* **WHAT NEEDS TO BE DONE**: Return exactly the lines from the start of the records below through the line containing "1.8. Проектная команда: Новикова", both ends included, and leave out the pictures.

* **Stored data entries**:
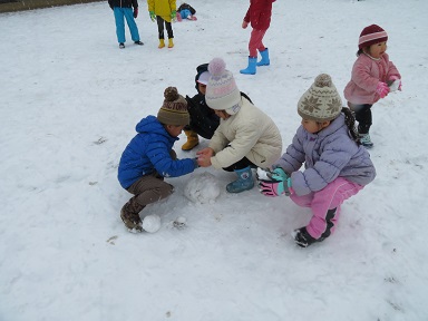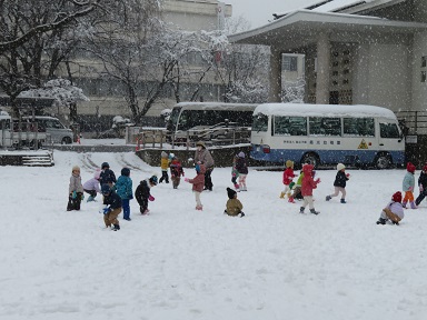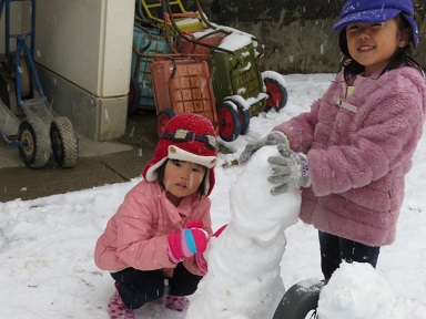 朝から雪が降った10日、子どもたちは雪で遊ぶことが出来ました。
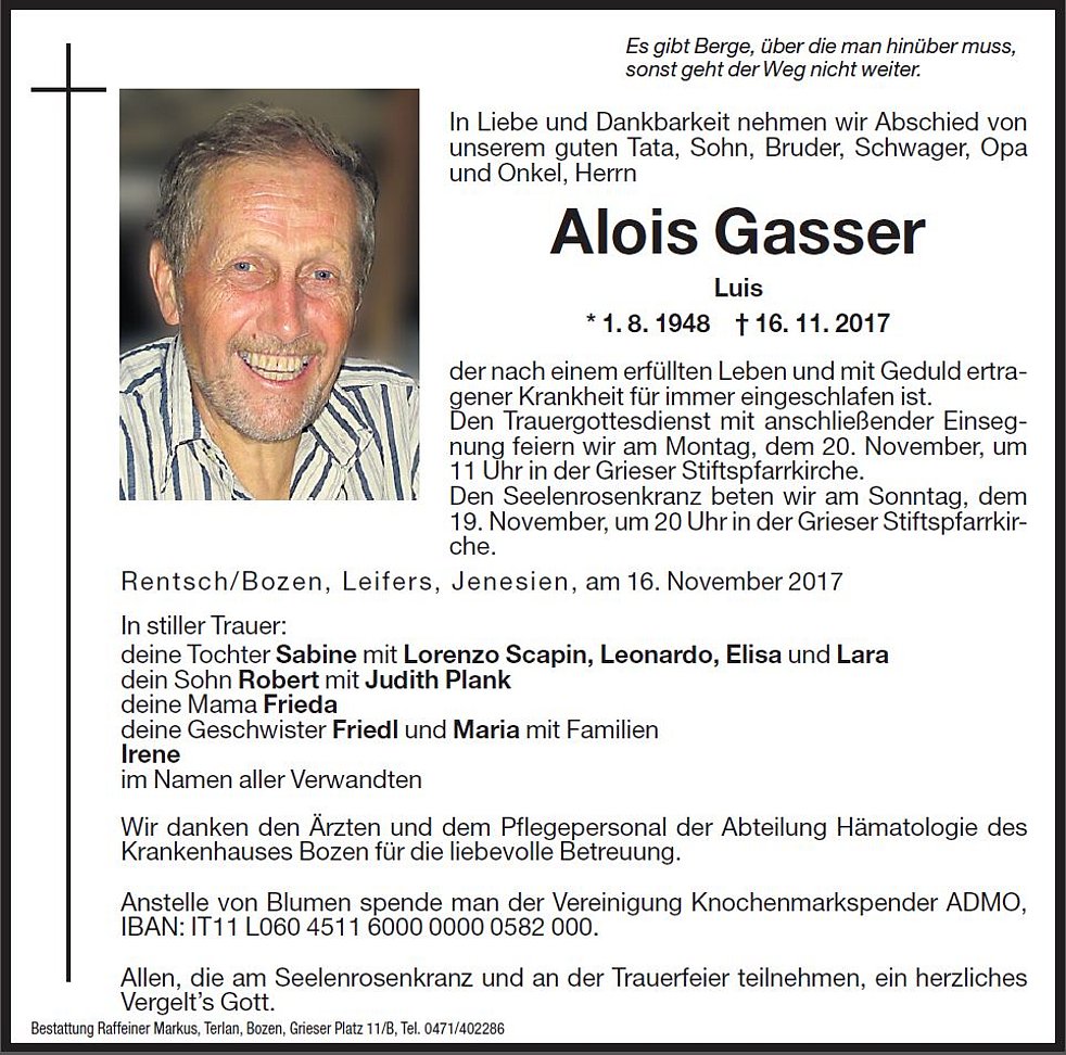 Den Trauergottesdienst mit anschließender Einsegnung feiern wir am Montag, dem 20. November, um 11 Uhr in der Grieser Stiftspfarrkirche.
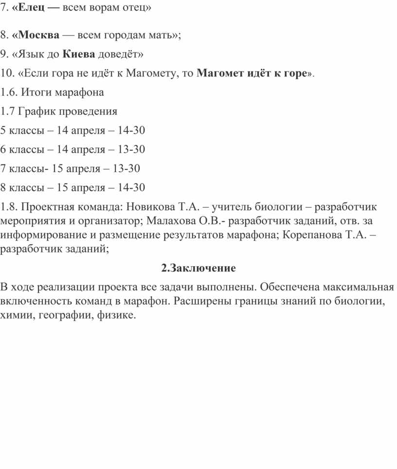 1.8. Проектная команда: Новикова Т.А. – учитель биологии – разработчик мероприятия и организатор; Малахова О.В.- разработчик заданий, отв. за информирование и размещение результатов марафона; Корепанова Т.А. – разработчик заданий;
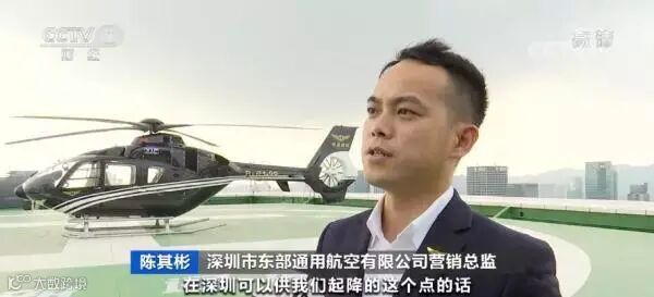 深圳市东部通用航空有限公司营销总监 陈其彬:在深圳可以供我们起降的点达到了60多个,目前从深圳可以实现除了香港澳门以外的大湾区其它城市之间的接驳。直升机的通勤效率,是我们地面车辆的6倍以上。
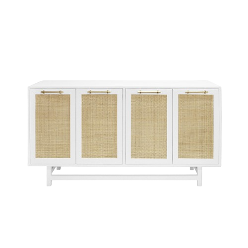 On trend for good reason! Our four door Macon cabinet offers beautiful and neutral storage for your Mid Century, Farmhouse, or Scandinavian inspired interiors. Natural cane door fronts are expertly paired with a finish palette of matte white lacquer and brass hardware. An extraordinary accent piece for any room.Â
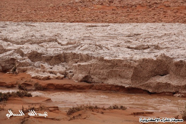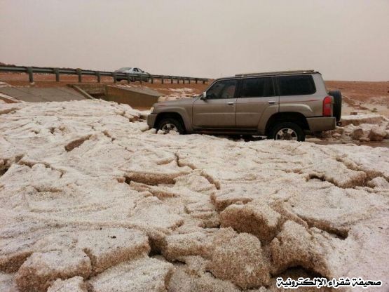 ورصدمصور الصحيفة ايمن الشقاري صور رائعة للكميات الكبيرة من البرد التي سقطت في جنوب شعيب ابا الطلاح .. وتحديداً 50 كيلو عن شقراء ( نفود الملحا ) كمية كبيرة من البرد تصل إلى نصف متر .
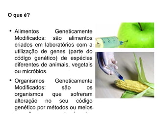 O documento discute alimentos geneticamente modificados, destacando que são criados em laboratórios com genes de diferentes espécies. Aponta pontos positivos como aumento da produção e resistência, mas também negativos como riscos à saúde e ao meio ambiente. Discorre sobre a segurança dos produtos e a necessidade de rotulagem adequada. Por fim, apresenta a visão do Greenpeace, contrária aos transgênicos.
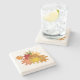 The coasters are gorgeous, a quality feel and heavy weight. They look like a precious archeological find. A rustic stone juxtaposed with a modern floral black and white print. I like the way the print goes slightly imperfect on the cut stone edges giving them a kind-of natural beauty.
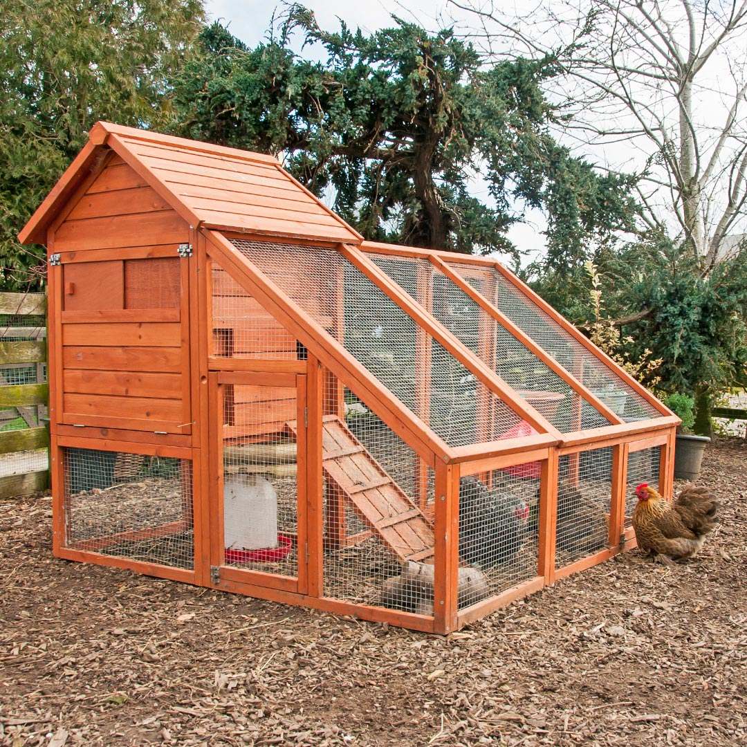A spacious run with mesh walls lets your feathered friends enjoy the outdoors safely. The main door is solidly built, offering easy access for cleaning and maintenance.
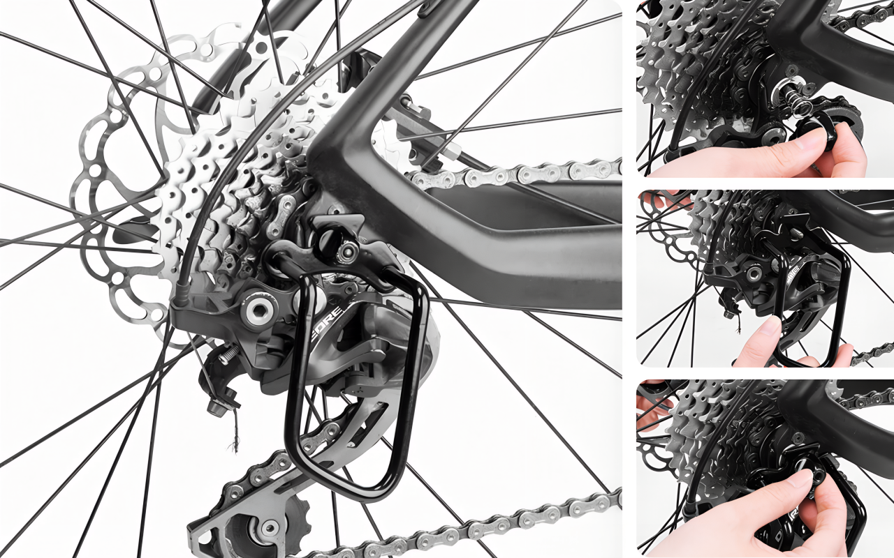 Threo girbeskyttelse skjermer sårbare komponenter og reduserer reparasjonskostnader. Den absorberer støt for å forhindre bøying og skjevstilling. Jevnt girskifte opprettholdes selv i ulendt terreng. Sykkelopplevelsen din blir bedre med dette tilskuddet til sykkelen.
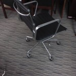 Eames Executive Work Chairs—known also as Time-Life chairs—were created, along with the Eames walnut stools, for the three ultramodern lobbies of the Time-Life Building in 1960. The executive work chair features a lightweight aluminum frame and base and finely detailed leather or fabric upholstery accented with covered buttons and edge details typical of traditional fine furniture.
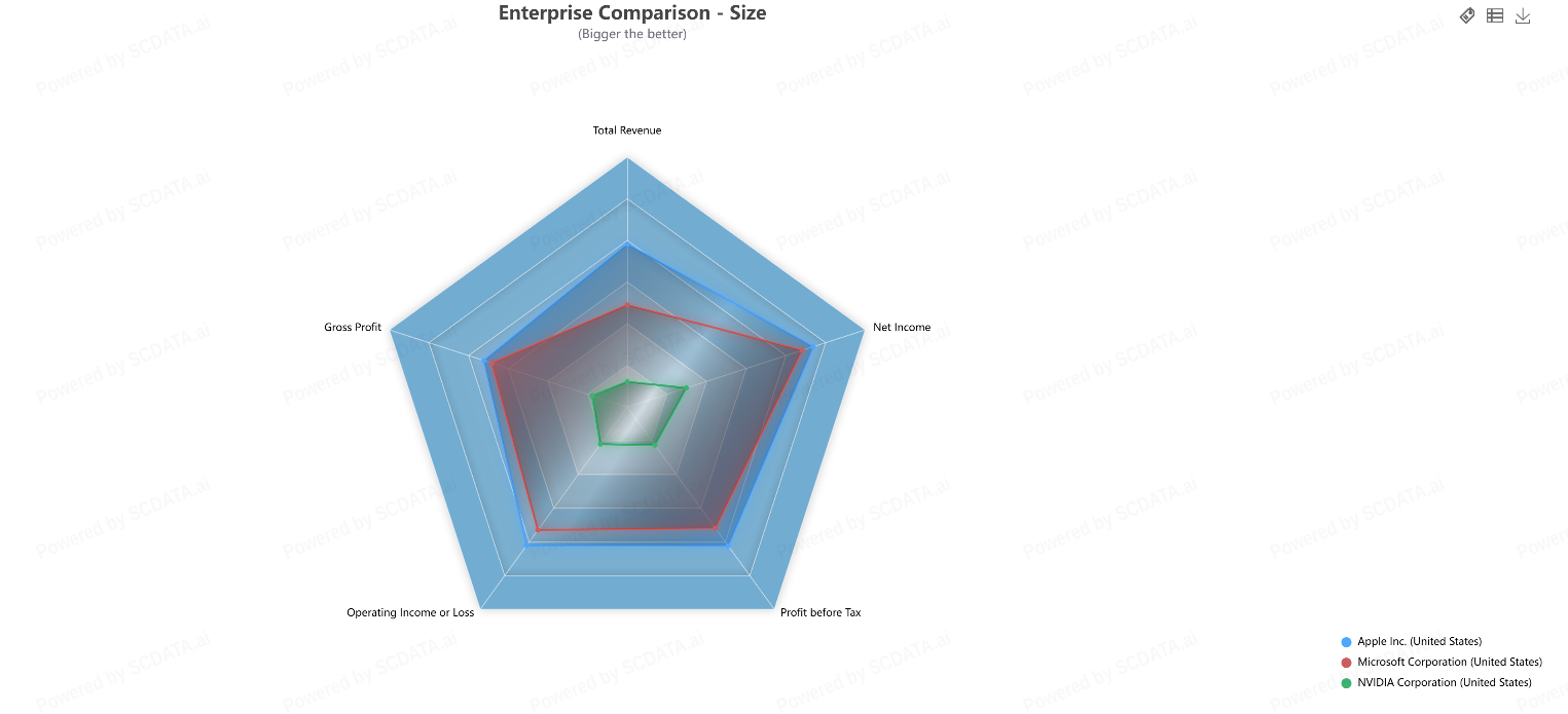 NVIDIA occupies the innermost region, reflecting its relatively smaller size compared to Microsoft and Apple. Despite its strong innovation and profitability, its absolute size is still growing in comparison to the two tech giants.
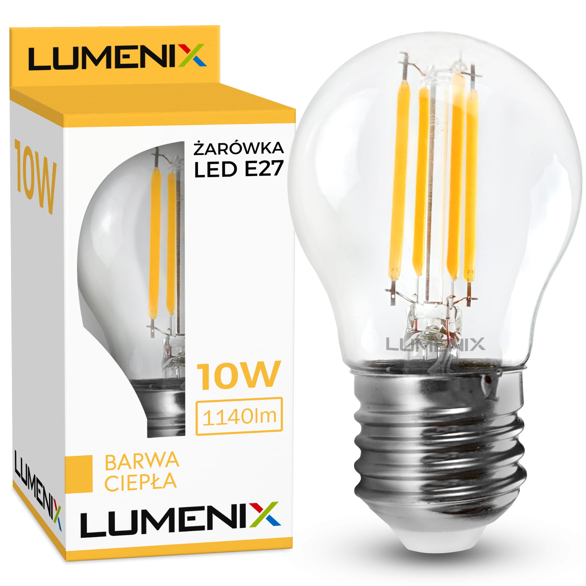 Żarówka LED E27 Filament 10W 230V to nowoczesne i energooszczędne źródło światła, które łączy klasyczny wygląd tradycyjnej żarówki z zaletami technologii LED. Zastosowanie diod LED typu filament zapewnia równomierne, przyjemne dla oka światło bez migotania, a także wysoką skuteczność świetlną przy niskim zużyciu energii.
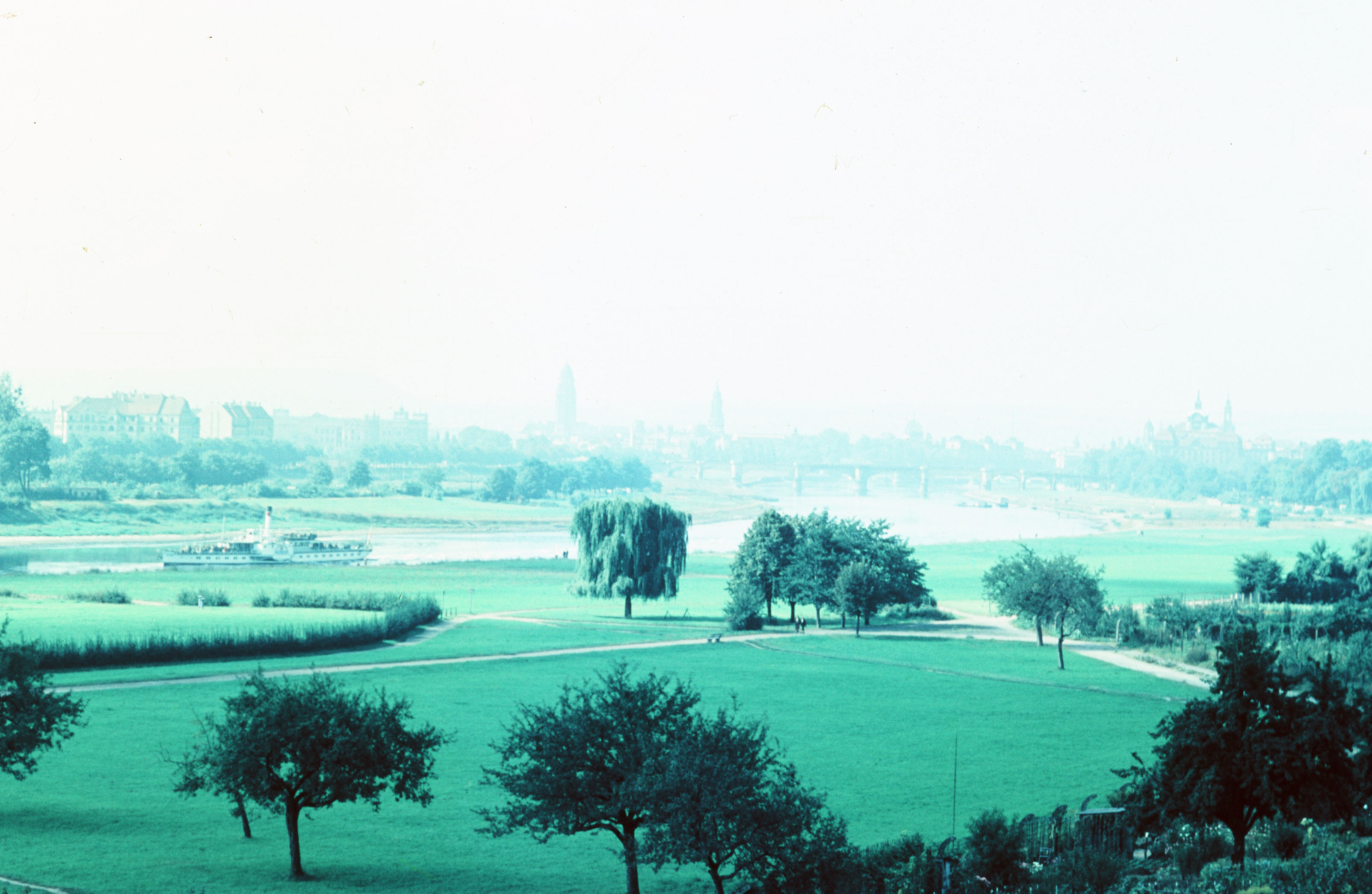 Blick vom Waldschlösschen über Uferpark und Elbe, Dresden
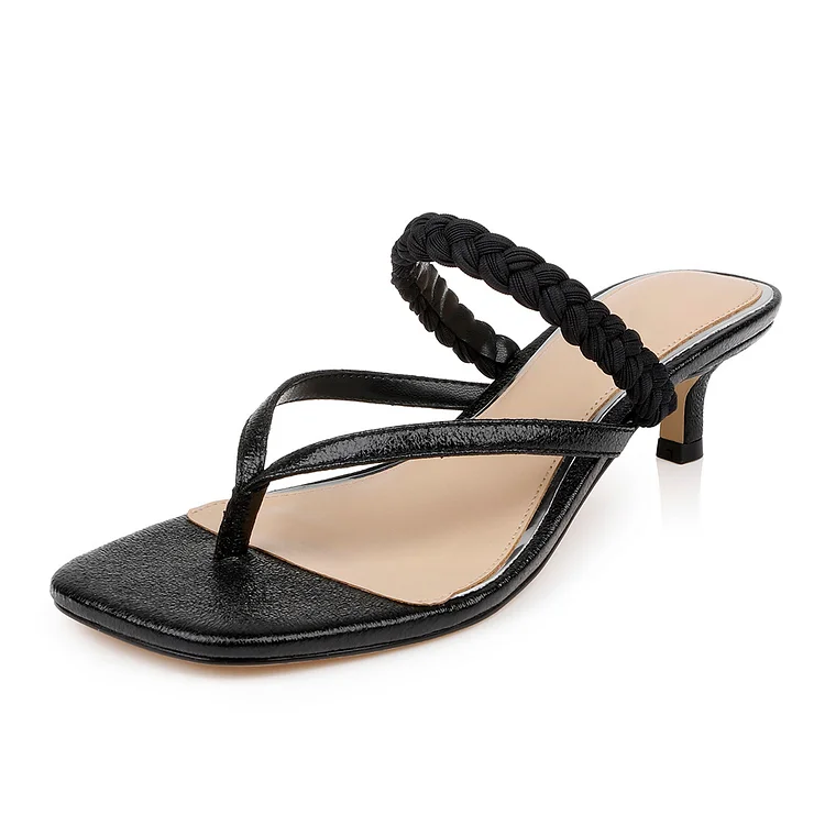 Step out in style with these chic Black Braided Strap Open Square Toe Kitten Heel Flip Flops for Women. Perfect blend of comfort and sophistication for any occasion.

* **OUTPUT OF THE EXERCISE**:
 朝から雪が降った10日、子どもたちは雪で遊ぶことが出来ました。
 Den Trauergottesdienst mit anschließender Einsegnung feiern wir am Montag, dem 20. November, um 11 Uhr in der Grieser Stiftspfarrkirche.
 1.8. Проектная команда: Новикова Т.А. – учитель биологии – разработчик мероприятия и организатор; Малахова О.В.- разработчик заданий, отв. за информирование и размещение результатов марафона; Корепанова Т.А. – разработчик заданий;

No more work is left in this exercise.